Resonance is obtained between a natural frequency of suitable cut piezoelectric crystal and with a suitable frequency superimposed on it that is generated by an oscillator.
Construction:
In the diagram we have a thin plate of piezoelectric crystal cut on such axis so that we get inverse piezoelectric effect that is on application of high frequency electric field, it can vibrate in resonance.
Natural frequency of crystal slab cut is given by:$\eta = \dfrac k {2t} \sqrt {\dfrac Y {\rho}}$
where, t = Thickness of crystal slab
Y = Young's modulus
$\rho = Density$
k= 1, 2, 3, ... which represent order or harmonic. We take k = 1 that is fundamental frequency.
It is important to know that natural frequency$\eta$ is inversely proportional to thickness t.
Hence for higher frequency, t has to be reduced. But very small thickness of slab without fracturing it is very difficult to cut.
Hence for frequencies above 20 MHz, we make use of higher overtones.
Working:
Function of the oscillator is very much similar to magnetostriction oscillator.
When the current through coil L2, changes it causes a corresponding change in the magnetisation of the rod, due to magnetostriction effect a small change in the kength of rod will be noticed.

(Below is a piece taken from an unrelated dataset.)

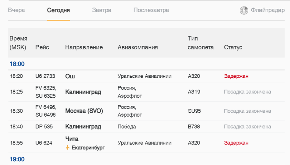 На данный момент есть информация двух рейсов в Ош (Киргизия) и Екатеринбург.

This change in length will give rise to change of flux linked with the coil L1 and it will induce an voltage.
This induce voltage will change grid voltage. The changed grid voltage will be amplified and come out at plate circuit, and cycle will continue.
Oscillator circuit will develop the frequency:$f = \dfrac 1 {2\pi} \sqrt {\dfrac 1 {L_2C}}$
Electric field of frequency f is transfered to plates A and B through coil L2 and L.
Between plates A and B, a crystal of natural frequency$\eta$ is fixed.
For resonance we take, f =$\eta$, under this condition crystal will generate oscillations with highest amplitude.